— TASK GOAL —
Would you copy exactly the lines in the data below from the one that has "从技术指标看,沪指60分钟级" through the one that has "View of the", dropping any pictures?

— EXERCISE MATERIALS —
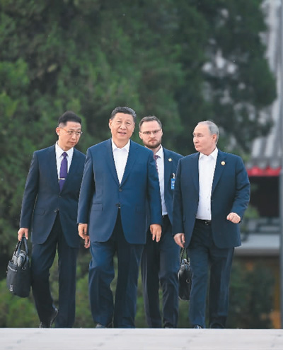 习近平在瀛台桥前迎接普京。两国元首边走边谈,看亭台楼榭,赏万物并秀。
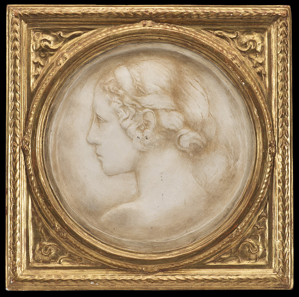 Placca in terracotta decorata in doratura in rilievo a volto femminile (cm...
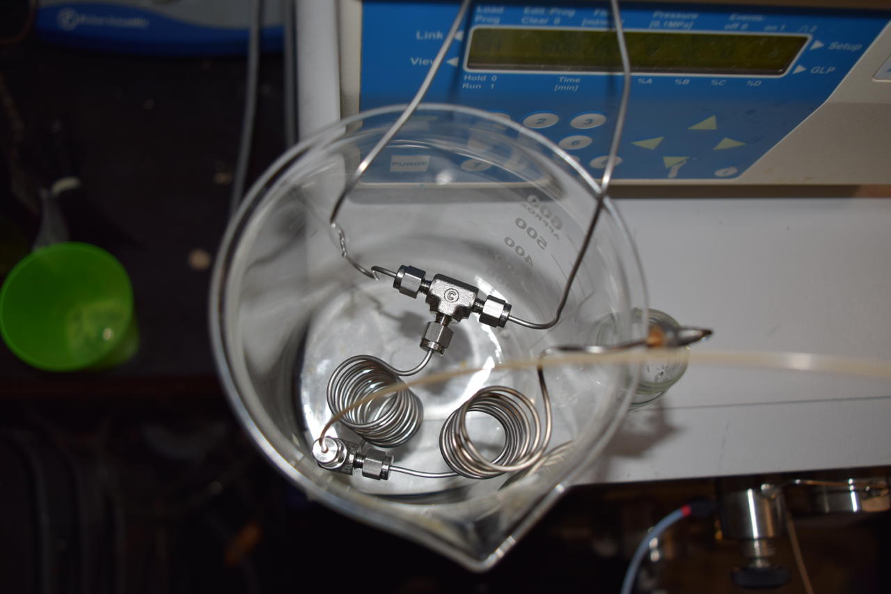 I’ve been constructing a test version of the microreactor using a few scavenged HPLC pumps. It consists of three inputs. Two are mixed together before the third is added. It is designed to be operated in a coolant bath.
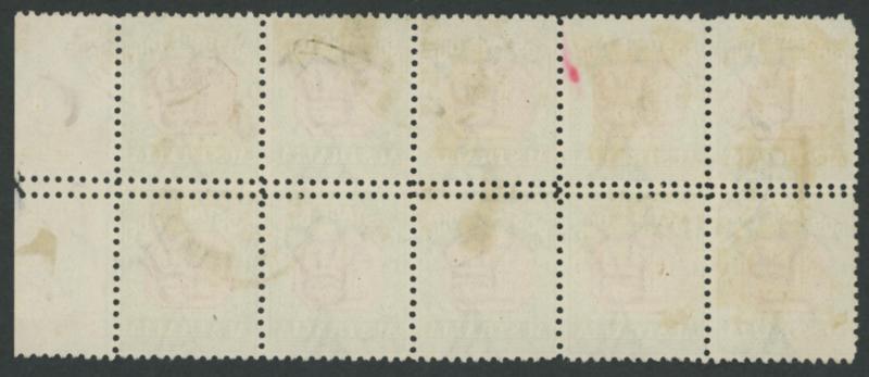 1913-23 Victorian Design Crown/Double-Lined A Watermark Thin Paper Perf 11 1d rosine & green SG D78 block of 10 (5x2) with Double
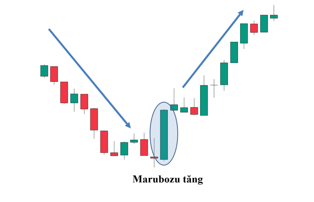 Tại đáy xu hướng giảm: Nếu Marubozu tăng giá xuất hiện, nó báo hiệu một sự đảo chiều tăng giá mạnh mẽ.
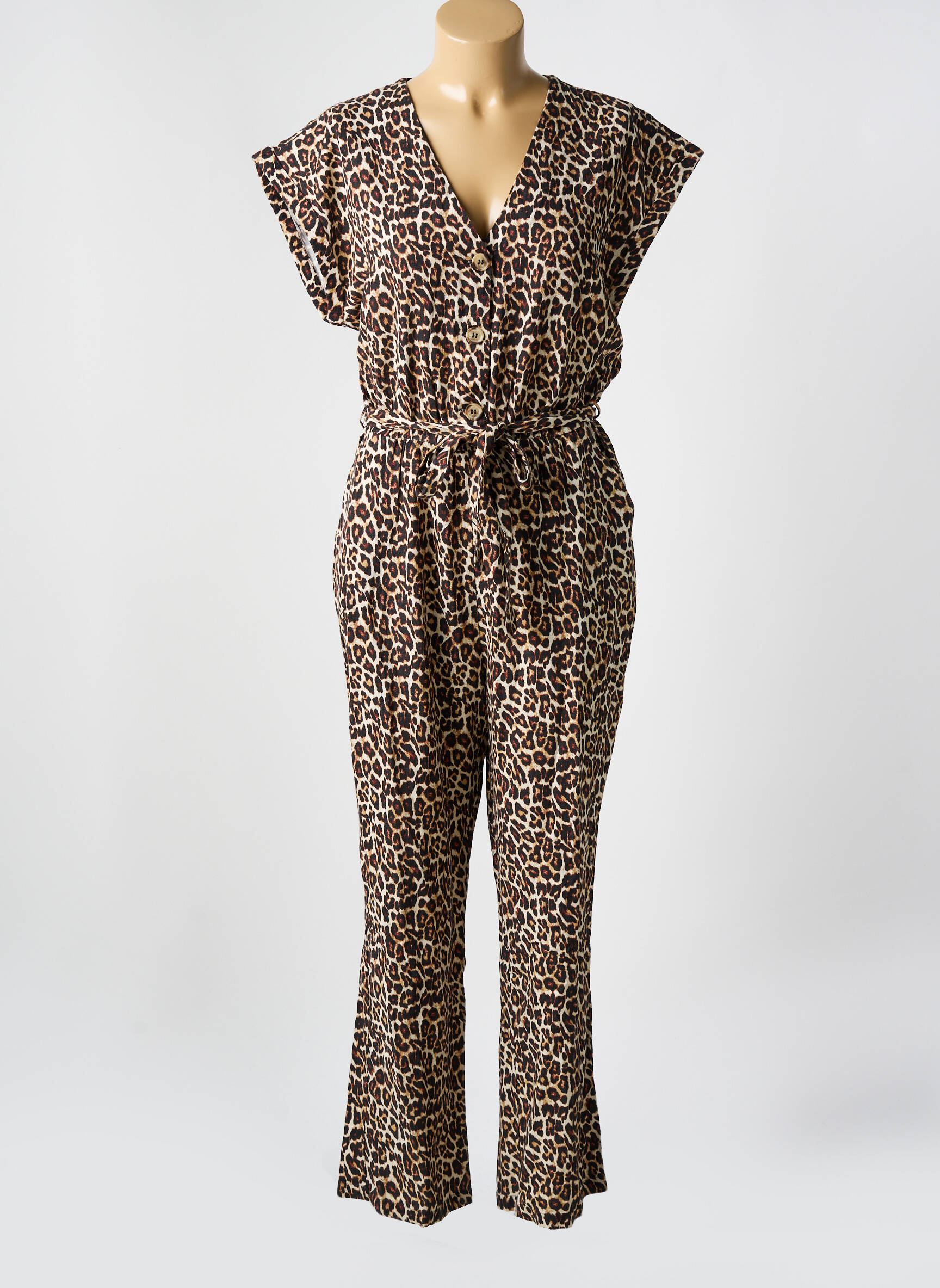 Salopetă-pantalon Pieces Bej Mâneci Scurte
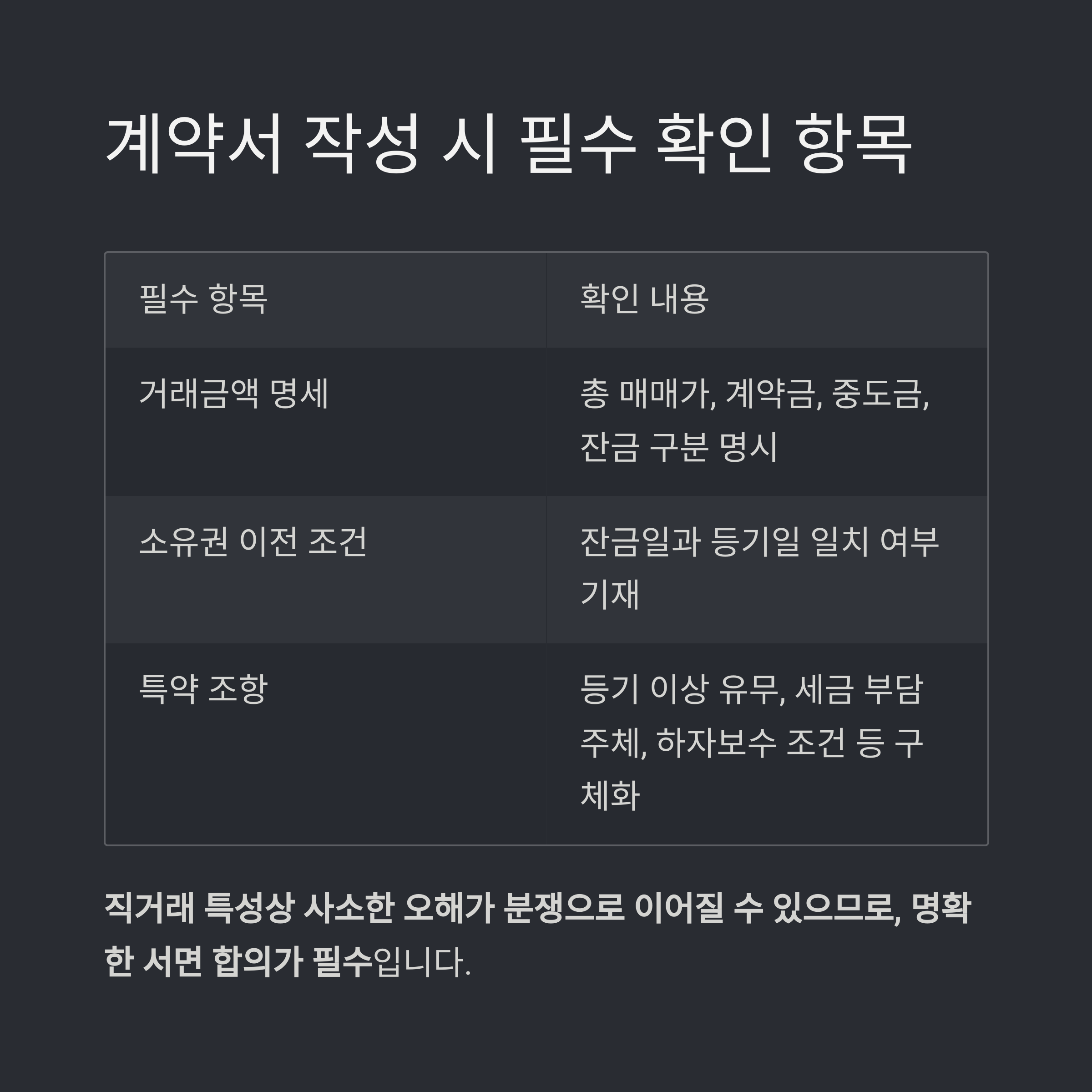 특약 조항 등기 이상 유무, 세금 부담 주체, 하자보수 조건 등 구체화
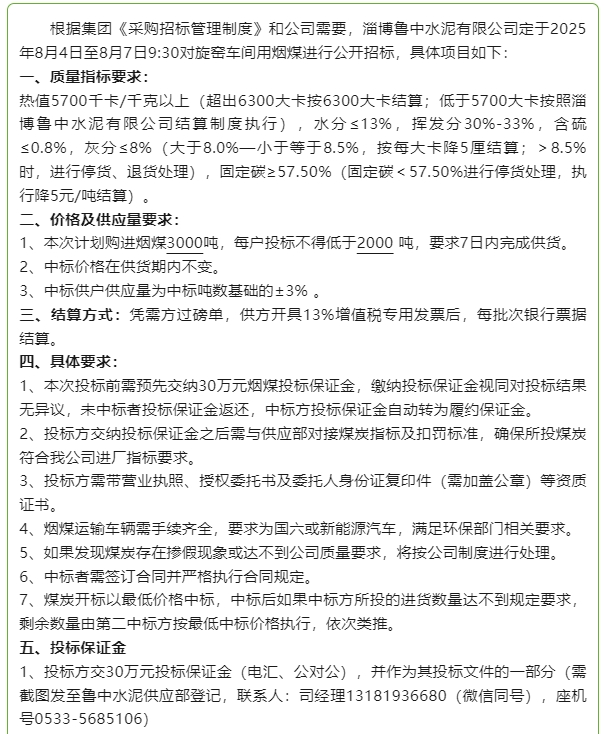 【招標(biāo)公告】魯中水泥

...

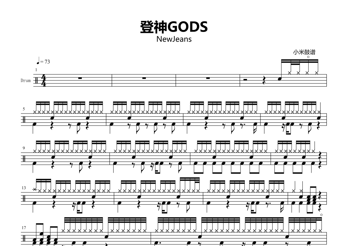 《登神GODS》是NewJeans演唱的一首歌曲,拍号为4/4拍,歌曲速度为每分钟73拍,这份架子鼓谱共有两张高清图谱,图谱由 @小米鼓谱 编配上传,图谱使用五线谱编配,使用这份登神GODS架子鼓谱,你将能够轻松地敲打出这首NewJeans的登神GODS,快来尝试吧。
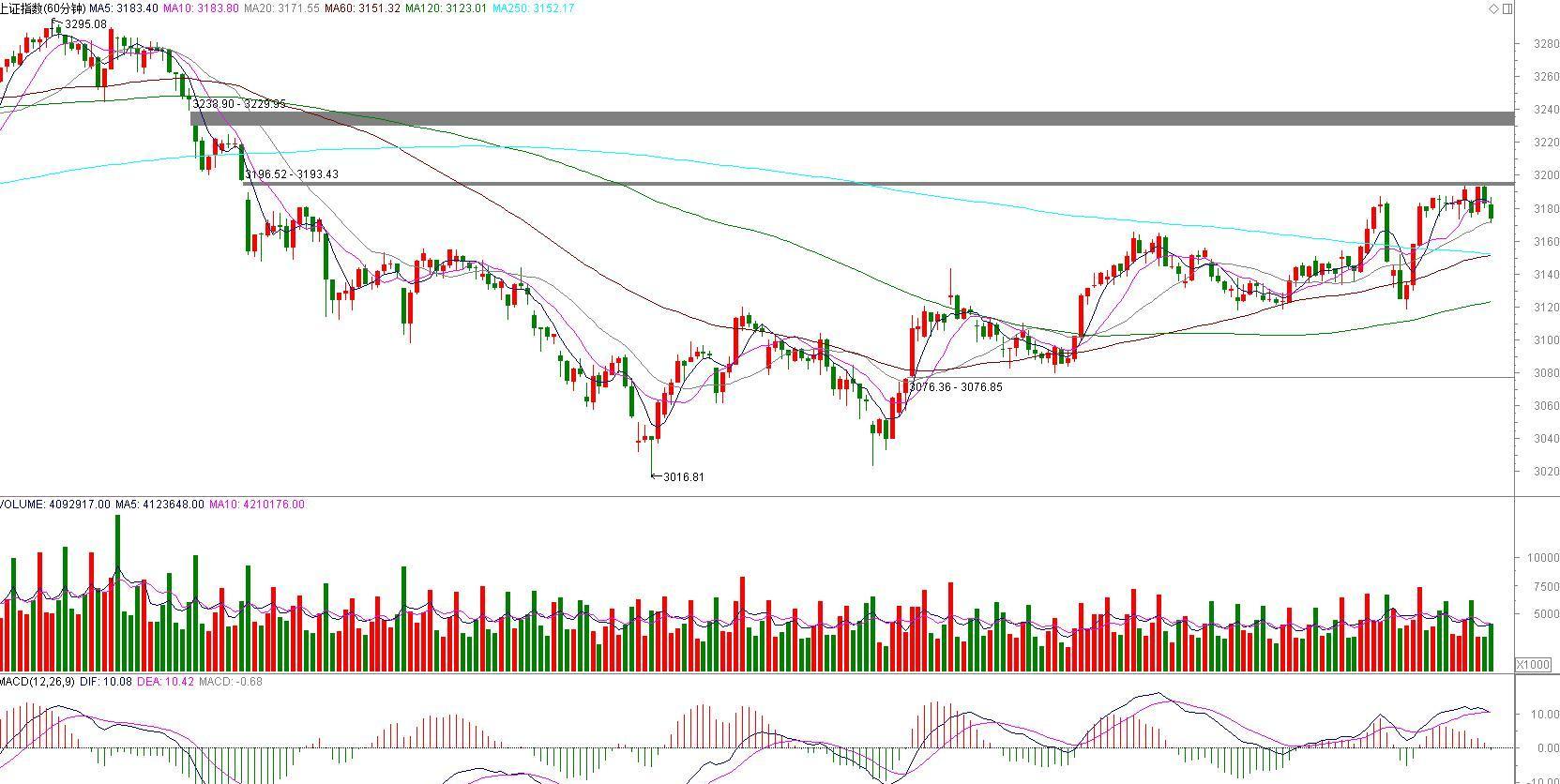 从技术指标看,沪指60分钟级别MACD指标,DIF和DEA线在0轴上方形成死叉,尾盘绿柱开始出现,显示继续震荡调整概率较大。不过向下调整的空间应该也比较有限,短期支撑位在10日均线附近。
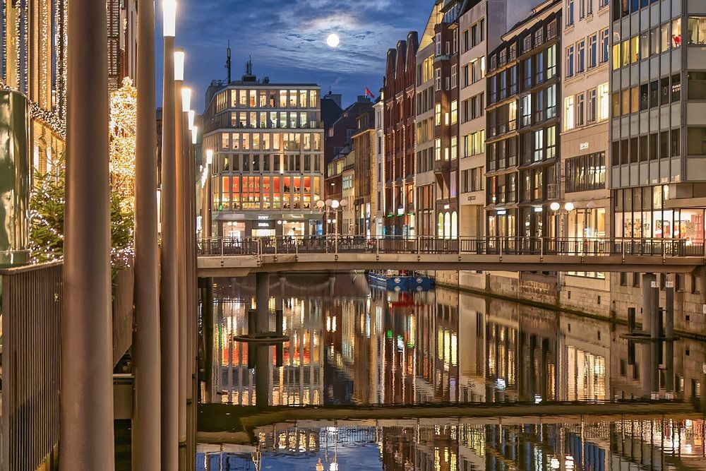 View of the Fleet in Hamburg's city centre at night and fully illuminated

— OUTPUT —
 从技术指标看,沪指60分钟级别MACD指标,DIF和DEA线在0轴上方形成死叉,尾盘绿柱开始出现,显示继续震荡调整概率较大。不过向下调整的空间应该也比较有限,短期支撑位在10日均线附近。
 View of the Fleet in Hamburg's city centre at night and fully illuminated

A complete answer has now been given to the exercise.